▸ **Work to complete**
Search the material below for the string "room" and copy each line where it appears.

━━ Material shown ━━

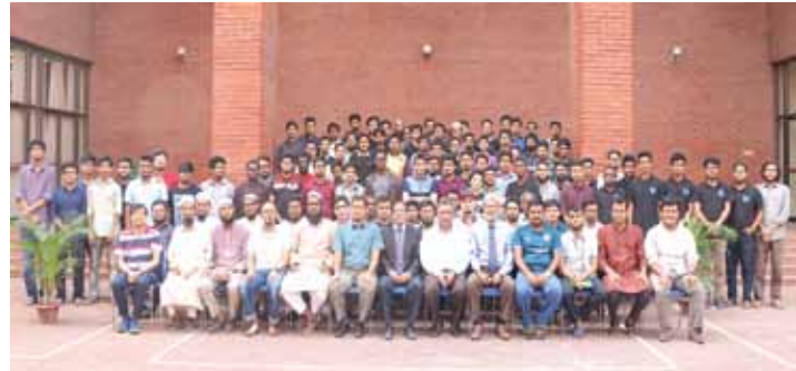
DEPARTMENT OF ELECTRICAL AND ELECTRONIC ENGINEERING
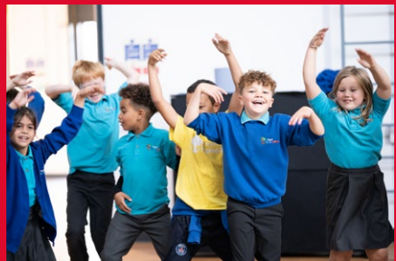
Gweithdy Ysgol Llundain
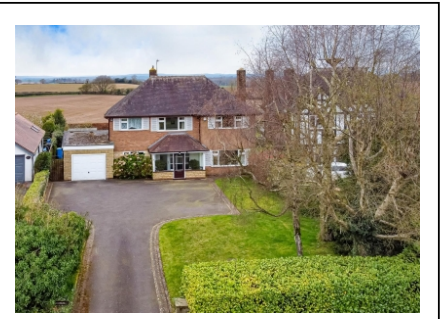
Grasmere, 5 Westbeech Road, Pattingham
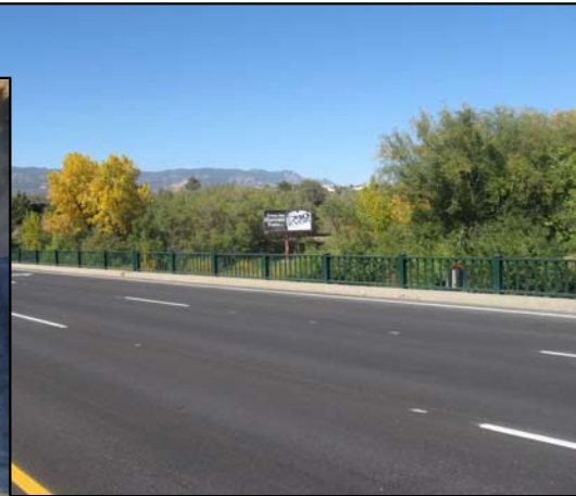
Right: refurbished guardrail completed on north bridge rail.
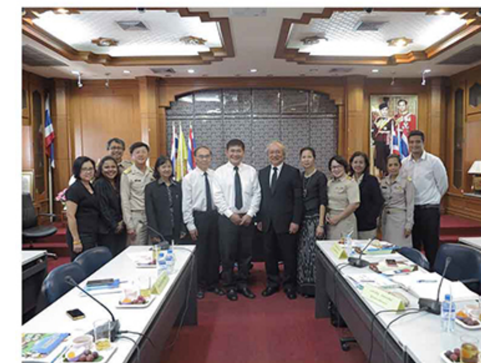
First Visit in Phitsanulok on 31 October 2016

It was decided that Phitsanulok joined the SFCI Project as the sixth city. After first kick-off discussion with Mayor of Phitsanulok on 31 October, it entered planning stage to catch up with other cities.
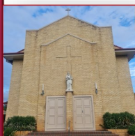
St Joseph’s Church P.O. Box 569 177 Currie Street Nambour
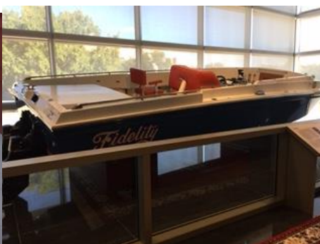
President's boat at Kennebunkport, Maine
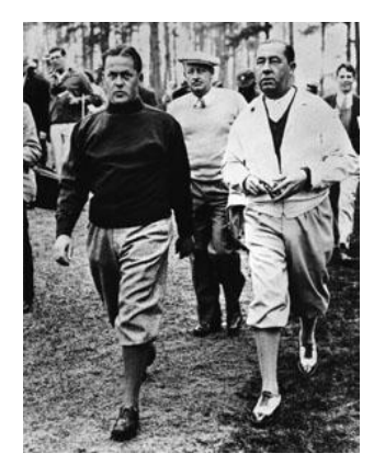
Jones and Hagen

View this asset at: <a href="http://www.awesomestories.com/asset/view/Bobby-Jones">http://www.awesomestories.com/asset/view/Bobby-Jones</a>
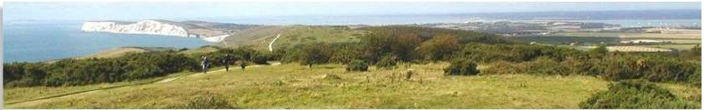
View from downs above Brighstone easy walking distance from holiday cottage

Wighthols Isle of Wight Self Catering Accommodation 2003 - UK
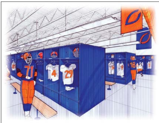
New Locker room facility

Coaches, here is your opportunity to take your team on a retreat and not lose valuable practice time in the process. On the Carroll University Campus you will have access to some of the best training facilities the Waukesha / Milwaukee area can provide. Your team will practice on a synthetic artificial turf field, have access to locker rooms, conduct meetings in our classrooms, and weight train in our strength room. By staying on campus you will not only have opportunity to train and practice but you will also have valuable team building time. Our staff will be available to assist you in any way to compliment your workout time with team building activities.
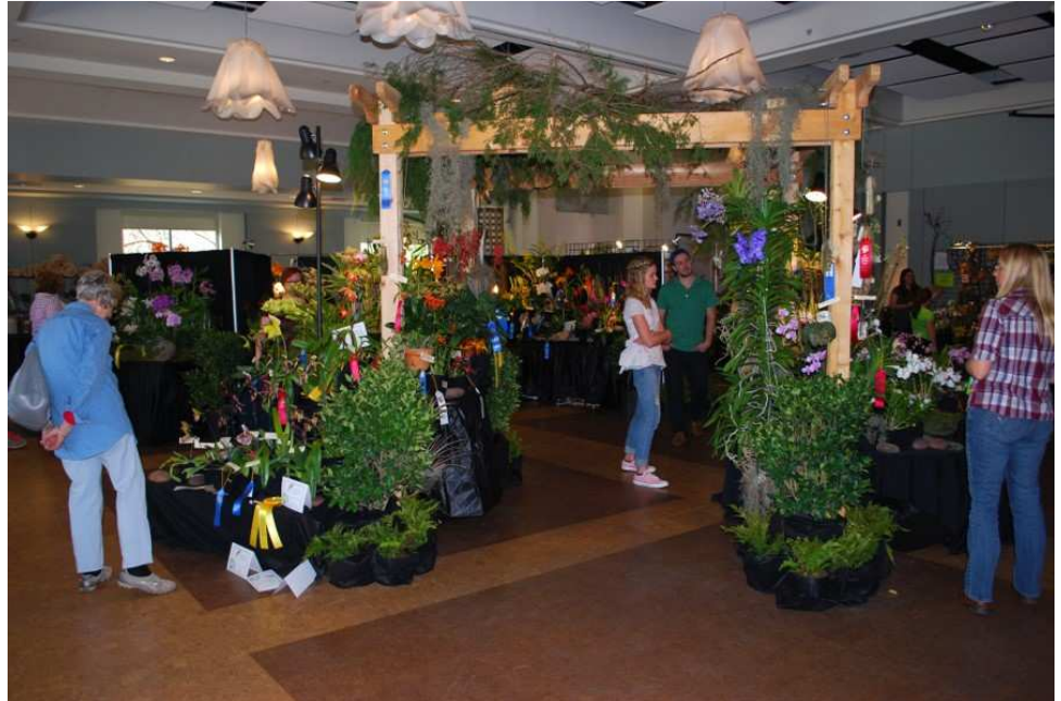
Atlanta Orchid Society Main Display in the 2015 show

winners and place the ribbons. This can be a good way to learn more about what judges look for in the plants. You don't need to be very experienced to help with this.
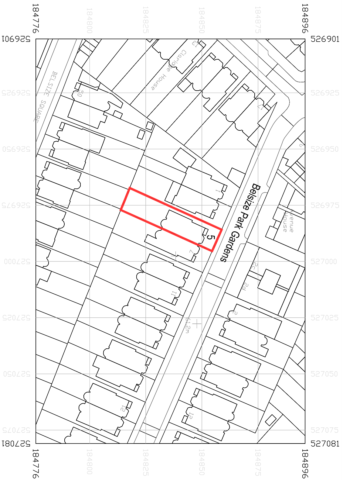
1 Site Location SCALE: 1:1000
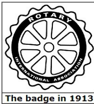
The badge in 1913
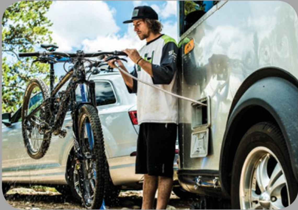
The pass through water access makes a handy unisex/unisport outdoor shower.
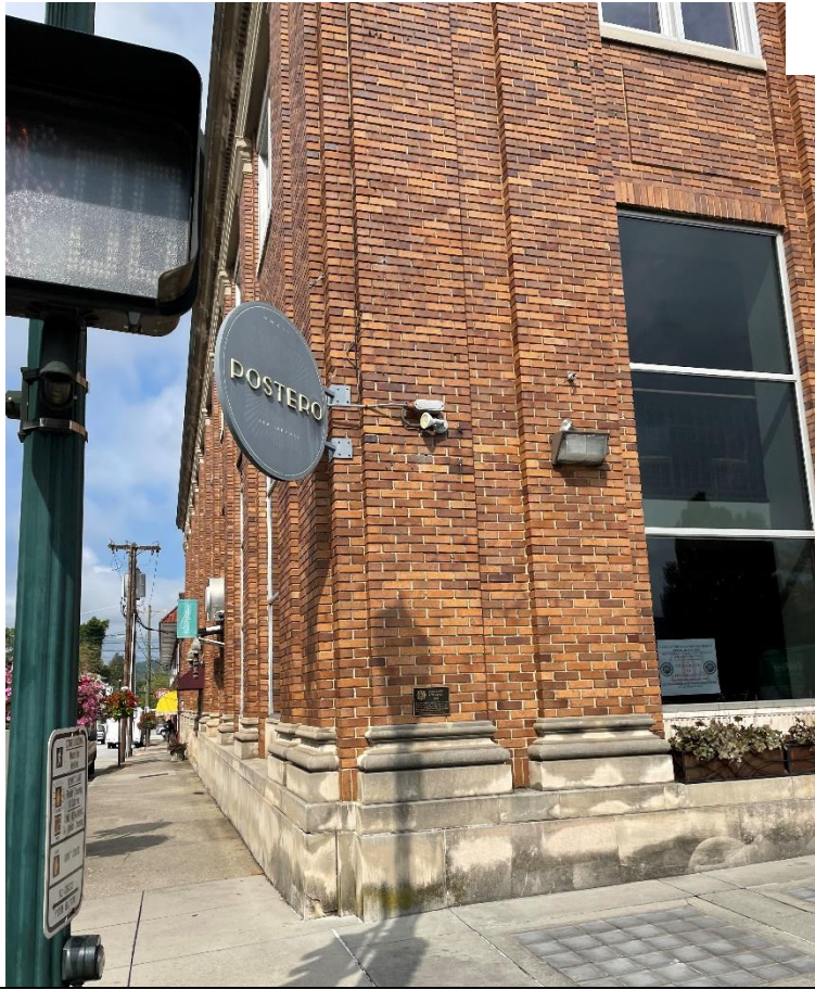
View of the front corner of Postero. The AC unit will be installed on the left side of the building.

━━━
━━ Material shown ━━

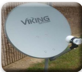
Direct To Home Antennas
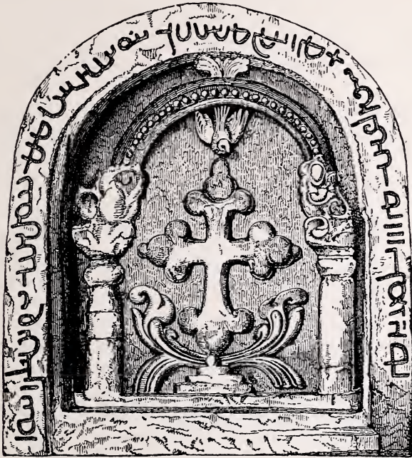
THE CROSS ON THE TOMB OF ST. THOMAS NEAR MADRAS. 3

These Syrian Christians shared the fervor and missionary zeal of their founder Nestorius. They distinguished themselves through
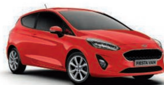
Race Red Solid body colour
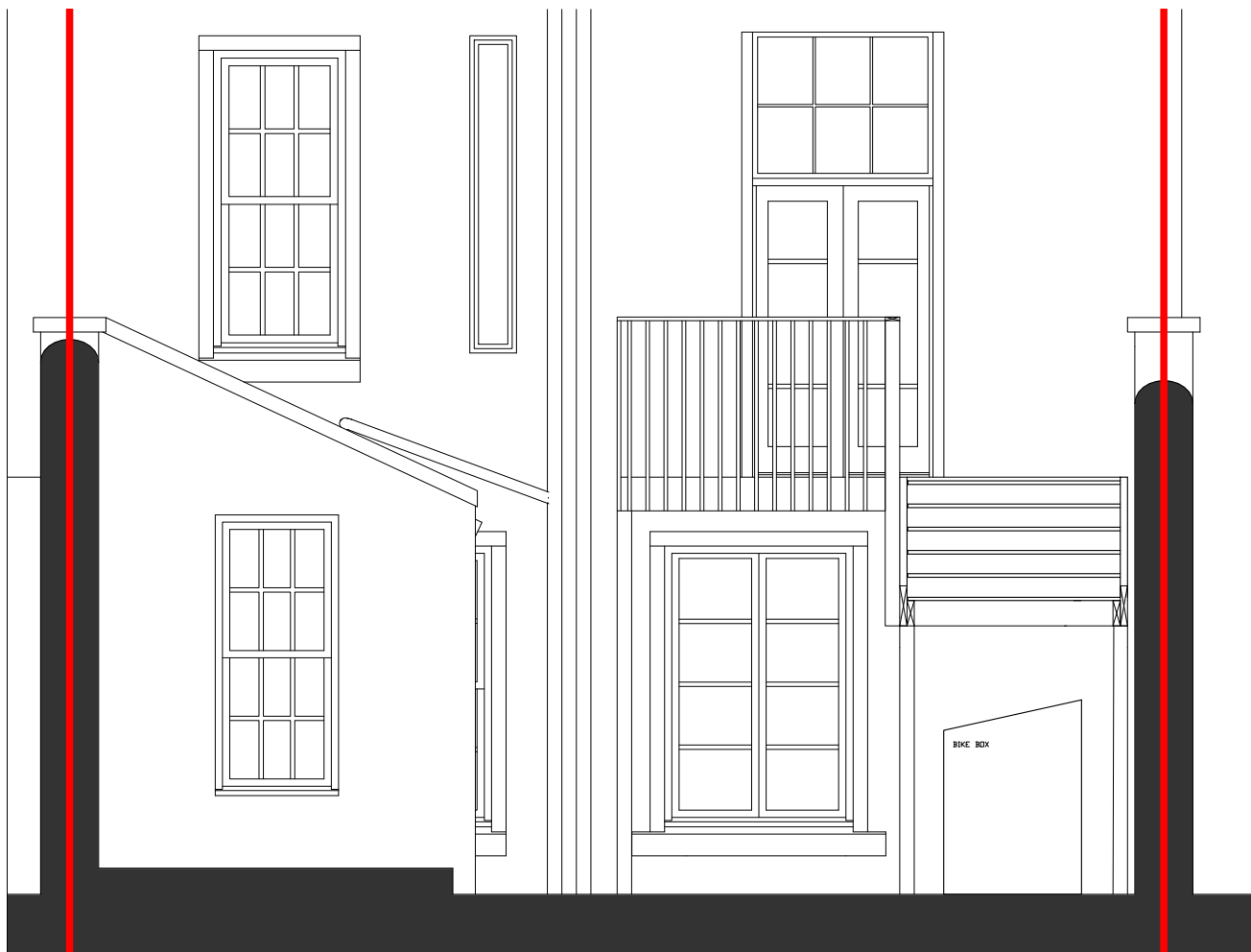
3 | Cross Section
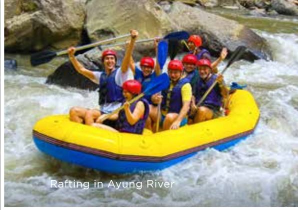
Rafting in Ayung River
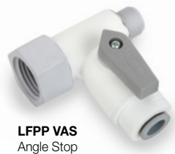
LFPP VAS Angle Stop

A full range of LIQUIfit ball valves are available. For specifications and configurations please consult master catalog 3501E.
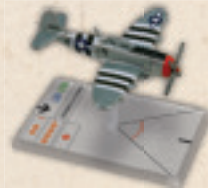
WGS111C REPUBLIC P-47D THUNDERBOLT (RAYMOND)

━━━
━━ Material shown ━━

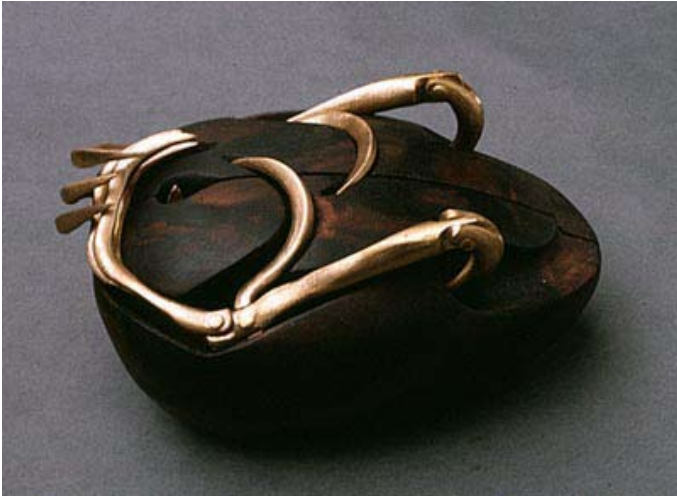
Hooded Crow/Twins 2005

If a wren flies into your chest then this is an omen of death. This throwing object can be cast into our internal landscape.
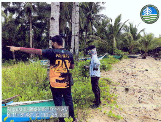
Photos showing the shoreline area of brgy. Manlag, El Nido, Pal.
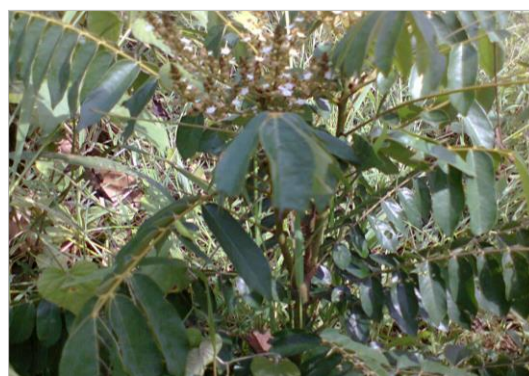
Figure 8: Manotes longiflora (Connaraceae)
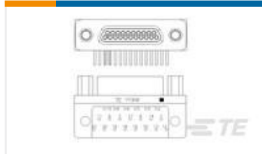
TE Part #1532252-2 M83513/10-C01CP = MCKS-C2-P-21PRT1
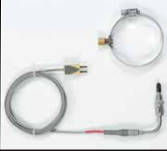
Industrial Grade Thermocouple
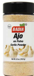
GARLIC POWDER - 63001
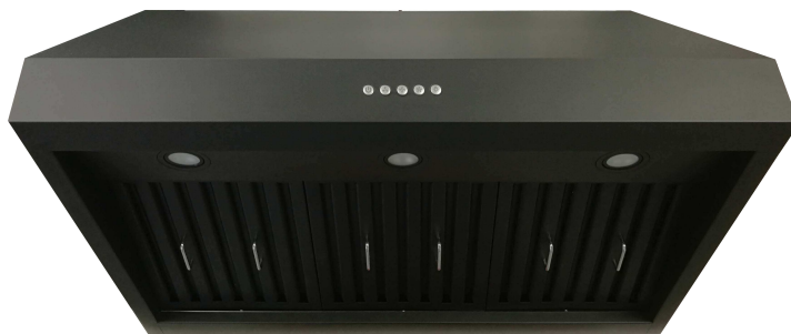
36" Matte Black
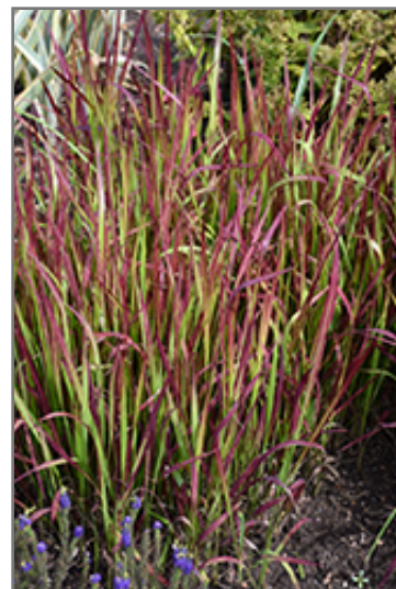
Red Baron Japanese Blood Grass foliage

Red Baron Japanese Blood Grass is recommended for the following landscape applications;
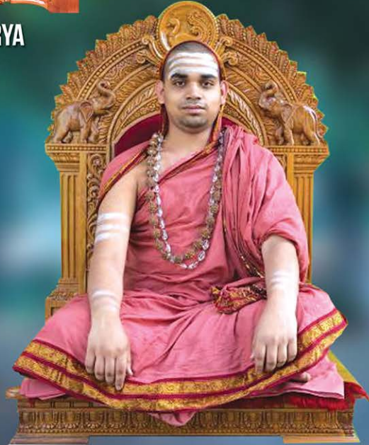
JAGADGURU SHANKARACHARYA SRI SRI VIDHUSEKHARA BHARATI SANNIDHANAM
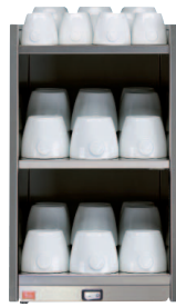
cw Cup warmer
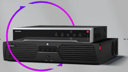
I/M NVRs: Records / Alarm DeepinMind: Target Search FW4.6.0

━━━

▸ **Response**
New Locker room facility
Coaches, here is your opportunity to take your team on a retreat and not lose valuable practice time in the process. On the Carroll University Campus you will have access to some of the best training facilities the Waukesha / Milwaukee area can provide. Your team will practice on a synthetic artificial turf field, have access to locker rooms, conduct meetings in our classrooms, and weight train in our strength room. By staying on campus you will not only have opportunity to train and practice but you will also have valuable team building time. Our staff will be available to assist you in any way to compliment your workout time with team building activities.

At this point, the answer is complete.